The line containing "разместить принтер, бумагу" marks the start. Restate it and every following line through the end of the records exactly, and nothing else, leaving out the pictures.

### Excerpts from a dataset
<<<<

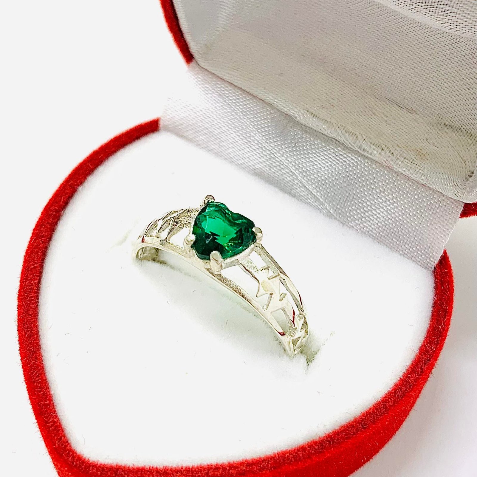 Anillo Cardio corazon esmeralda de Plata 925
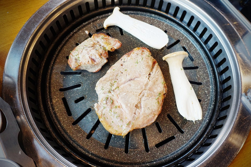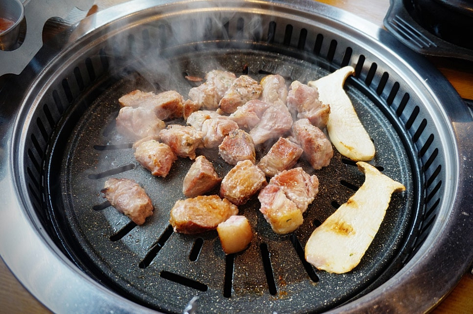 가마로 구워서 나오는 고기로 숯불향이 베어있어 배가 고파옵니다 ㅋㅋ 두께감도 정말 좋구요.
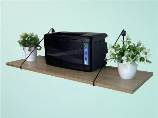• Полка надежно крепится к стене при помощи анкеров или шурупов с дюбелями, на ней можно разместить принтер, бумагу
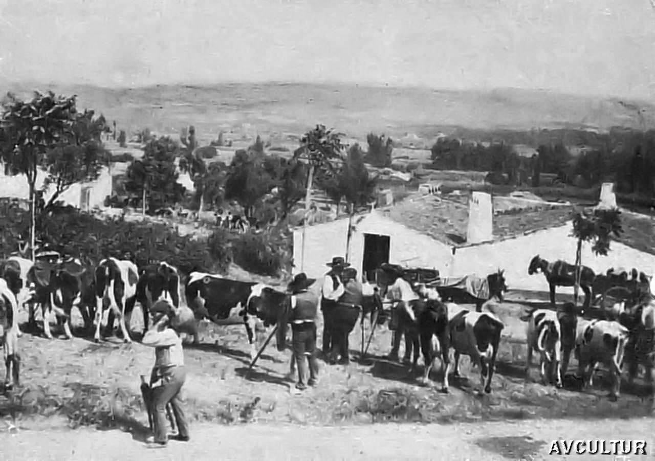 pé, de aguilhão em punho segue o marido e pai dessa família,
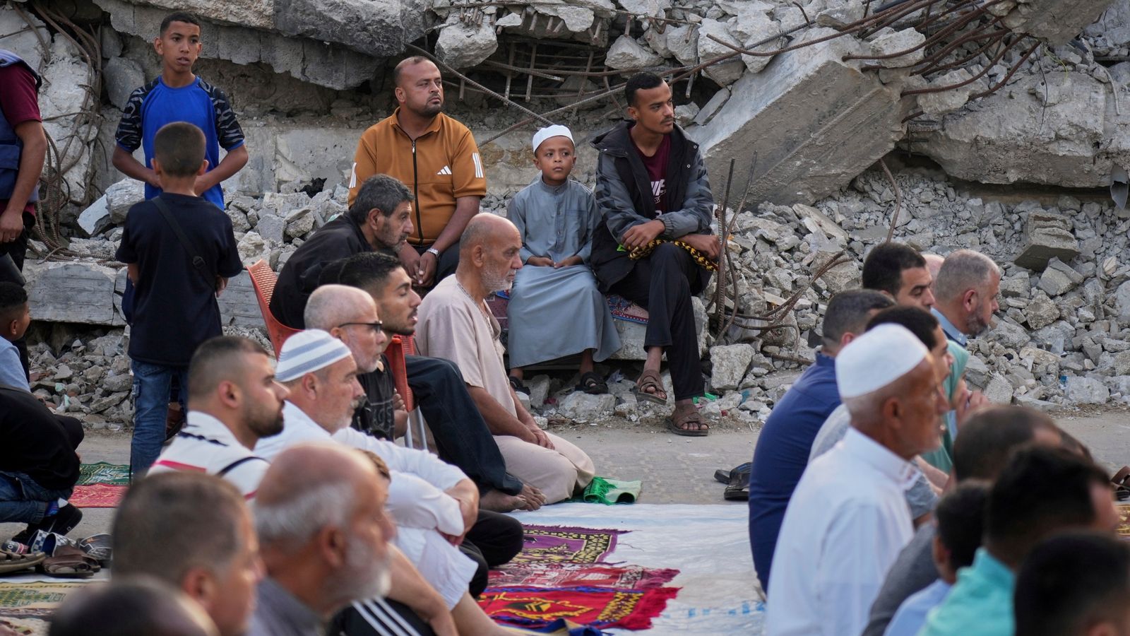 Daug Gaza melas griuvėsiuose, kai vyrai ir vaikai buvo priversti laikyti tradicines Eid Al Adha maldas atvirame ore, o maisto tiekimas mažėja.
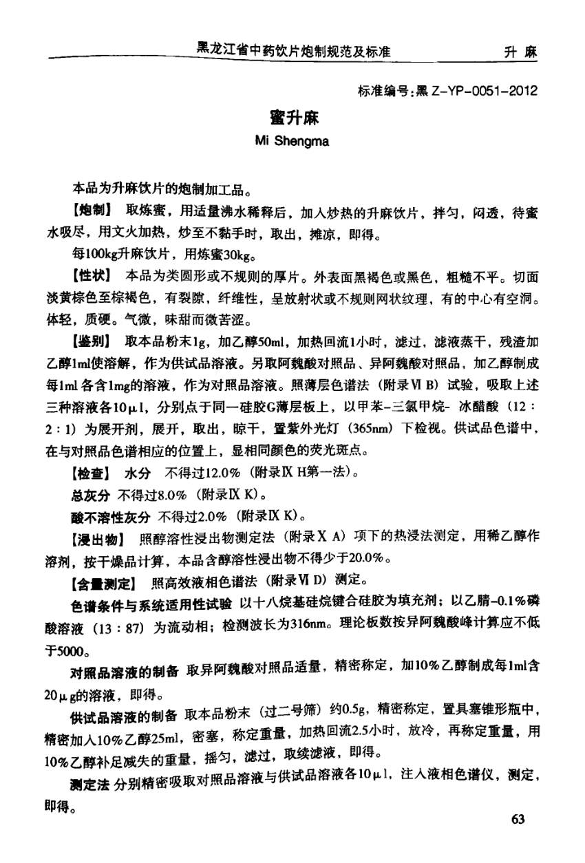 黑龙江省中药饮片炮制规范及标准 > 蜜升麻

>>>>

### Answer space
• Полка надежно крепится к стене при помощи анкеров или шурупов с дюбелями, на ней можно разместить принтер, бумагу
 pé, de aguilhão em punho segue o marido e pai dessa família,
 Daug Gaza melas griuvėsiuose, kai vyrai ir vaikai buvo priversti laikyti tradicines Eid Al Adha maldas atvirame ore, o maisto tiekimas mažėja.
 黑龙江省中药饮片炮制规范及标准 > 蜜升麻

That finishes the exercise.